CLEARTYPE_QUALITY Windows XP: If set, text is rendered (when possible) using ClearType antialiasing method. See Remarks for more information.
DEFAULT_QUALITY Appearance of the font does not matter.
DRAFT_QUALITY Appearance of the font is less important than when the PROOF_QUALITY value is used. For GDI raster fonts, scaling is enabled, which means that more font sizes are available, but the quality may be lower. Bold, italic, underline, and strikeout fonts are synthesized, if necessary.
NONANTIALIASED_QUALITY Windows 95 with Plus!, Windows 98/Me, Windows NT 4.0 and later: Font is never antialiased, that is, font smoothing is not done.
PROOF_QUALITY Character quality of the font is more important than exact matching of the logical-font attributes. For GDI raster fonts, scaling is disabled and the font closest in size is chosen. Although the chosen font size may not be mapped exactly when PROOF_QUALITY is used, the quality of the font is high and there is no distortion of appearance. Bold, italic, underline, and strikeout fonts are synthesized, if necessary.
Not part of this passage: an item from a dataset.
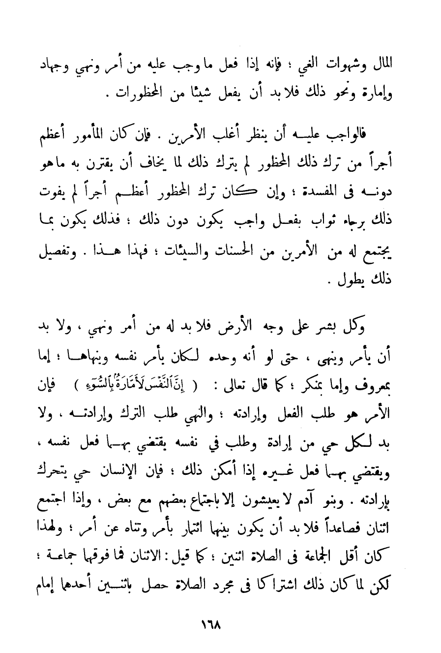 وَكُلُّ بَشَرٍ عَلَى وَجْهِ الْأَرْضِ فَلَا بُدَّ لَهُ مِنْ أَمْرٍ وَنَهْيٍ وَلَا بُدَّ أَنْ يَأْمُرَ وَيَنْهَى حَتَّى لَوْ أَنَّهُ وَحْدَهُ لَكَانَ يَأْمُرُ نَفْسَهُ وَيَنْهَاهَا؛ إمَّا بِمَعْرُوفِ وَإِمَّا بِمُنْكَرٍ؛ كَمَا قَالَ تَعَالَى: {إنَّ النَّفْسَ لَأَمَّارَةٌ بِالسُّوءِ} فَإِنَّ الْأَمْرَ هُوَ طَلَبُ الْفِعْلِ وَإِرَادَتِهِ؛ وَالنَّهْيُ طَلَبُ التَّرْكِ وَإِرَادَتِهِ وَلَا بُدَّ لِكُلِّ حَيٍّ مِنْ إرَادَةٍ وَطَلَبٍ فِي نَفْسِهِ يَقْتَضِي بِهِمَا فِعْلُ نَفْسِهِ وَيَقْتَضِي بِهِمَا فِعْلُ غَيْرِهِ إذَا أَمْكَنَ ذَلِكَ؛ فَإِنَّ الْإِنْسَانَ حَيٌّ يَتَحَرَّكُ بِإِرَادَتِهِ. وَبَنُو آدَمَ لَا يَعِيشُونَ إلَّا بِاجْتِمَاعِ بَعْضِهِمْ مَعَ بَعْضٍ وَإِذَا اجْتَمَعَ اثْنَانِ فَصَاعِدًا فَلَا بُدَّ أَنْ يَكُونَ بَيْنَهُمَا ائْتِمَارٌ بِأَمْرِ وَتَنَاهٍ عَنْ أَمْرٍ؛ وَلِهَذَا كَانَ أَقَلُّ الْجَمَاعَةِ فِي الصَّلَاةِ اثْنَيْنِ؛ كَمَا قِيلَ: الِاثْنَانِ فَمَا فَوْقَهُمَا جَمَاعَةٌ؛ لَكِنْ لَمَّا كَانَ ذَلِكَ اشْتِرَاكًا فِي مُجَرَّدِ الصَّلَاةِ حَصَلَ بِاثْنَيْنِ أَحَدُهُمَا إمَامٌ

Looking at wingdi.h, the values behind these constants are:

#define DEFAULT_QUALITY 0
#define DRAFT_QUALITY 1
#define PROOF_QUALITY 2
#if(WINVER >= 0x0400)
#define NONANTIALIASED_QUALITY 3
#define ANTIALIASED_QUALITY 4
#endif /* WINVER >= 0x0400 */

#if (_WIN32_WINNT >= _WIN32_WINNT_WINXP)
#define CLEARTYPE_QUALITY 5
#define CLEARTYPE_NATURAL_QUALITY 6
#endif

Yes, there is that extra CLEARTYPE_NATURAL_QUALITY constant which is defined in the header file and documented all over creation except on MSDN right now. Good luck trying to determine what it means. :-)

The method that anyone who wants to ignore the user setting will use is to jut pass a different value in the fonts that are created....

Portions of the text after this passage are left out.